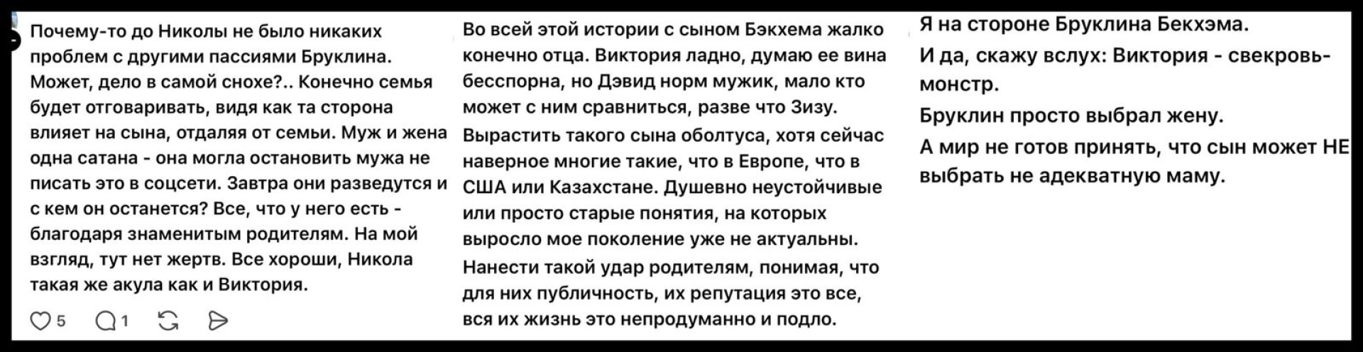 • "Я на стороне Бруклина Бекхэма. И да, скажу прямо: Виктория — свекровь-монстр. Бруклин просто выбрал жену, а мир ещё не готов принять, что сын может не выбрать неадекватную маму"
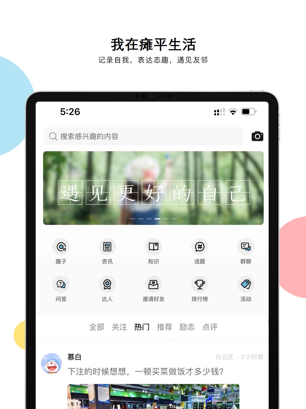 使用场景: 当您无聊的时候,可以浏览一下瘫平生活的热帖,与网友们一起跟帖,还有群聊可以和群友讨论一下身边的热点事件。 当您无法忍受孤独,可以在这里获得心理上的慰藉,可以把这里当做树洞。 当您漫步街头的时候,可以随手拍拍,分享生活点滴。
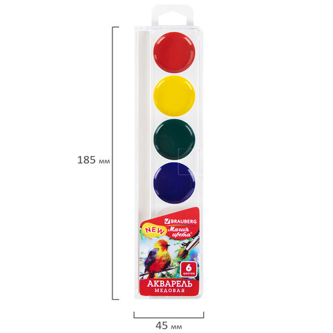 Краски акварельные BRAUBERG "МАГИЯ ЦВЕТА NEW", медовые, 6 цветов, круглые кюветы, пластик, 192285
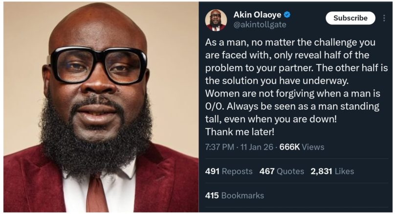 A social media post of a man advising men to hide parts of their problems from their partners has sparked intense debate and mixed reactions across Nigeria’s online space.
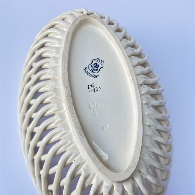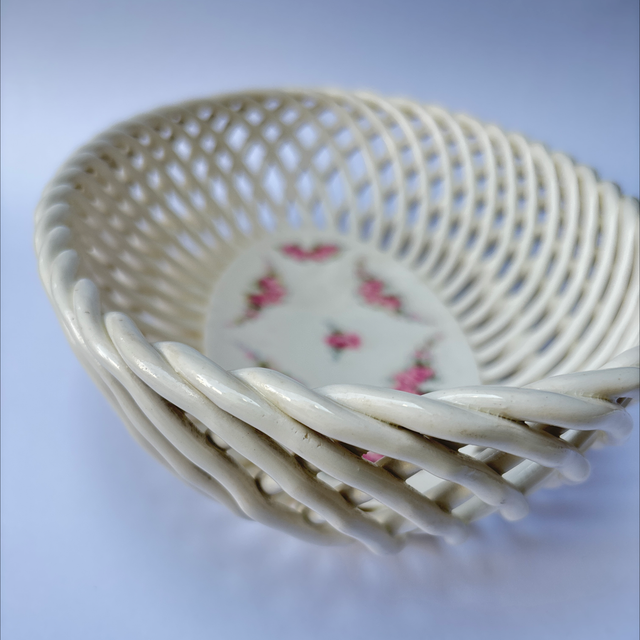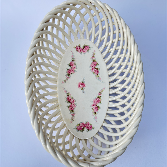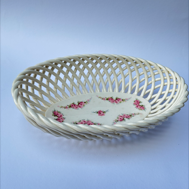Gitterkeramik Brotkorb mit Rosen von Roesler . B: 19 cm x 28 cm
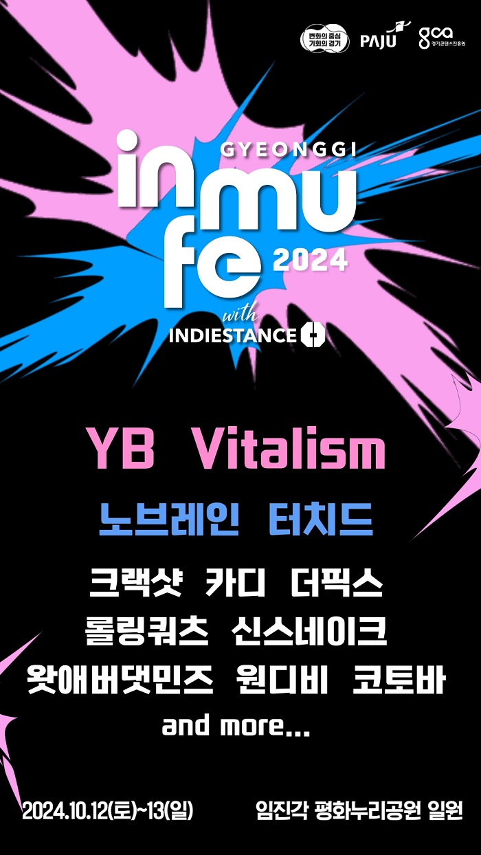 경기도 독립음악가집단(인디뮤지션들)의 최대 축제인 ‘경기인디뮤직페스티벌'이 2024년 10월 12일과 13일, 파주 임진각 평화누리공원에서 열립니다.

▶ [Exercise instructions]
Leaving the pictures aside, give back all the records exactly as they are.

▶ [Result of the exercise]
 • "Я на стороне Бруклина Бекхэма. И да, скажу прямо: Виктория — свекровь-монстр. Бруклин просто выбрал жену, а мир ещё не готов принять, что сын может не выбрать неадекватную маму"
 使用场景: 当您无聊的时候,可以浏览一下瘫平生活的热帖,与网友们一起跟帖,还有群聊可以和群友讨论一下身边的热点事件。 当您无法忍受孤独,可以在这里获得心理上的慰藉,可以把这里当做树洞。 当您漫步街头的时候,可以随手拍拍,分享生活点滴。
 Краски акварельные BRAUBERG "МАГИЯ ЦВЕТА NEW", медовые, 6 цветов, круглые кюветы, пластик, 192285
 A social media post of a man advising men to hide parts of their problems from their partners has sparked intense debate and mixed reactions across Nigeria’s online space.
Gitterkeramik Brotkorb mit Rosen von Roesler . B: 19 cm x 28 cm
 경기도 독립음악가집단(인디뮤지션들)의 최대 축제인 ‘경기인디뮤직페스티벌'이 2024년 10월 12일과 13일, 파주 임진각 평화누리공원에서 열립니다.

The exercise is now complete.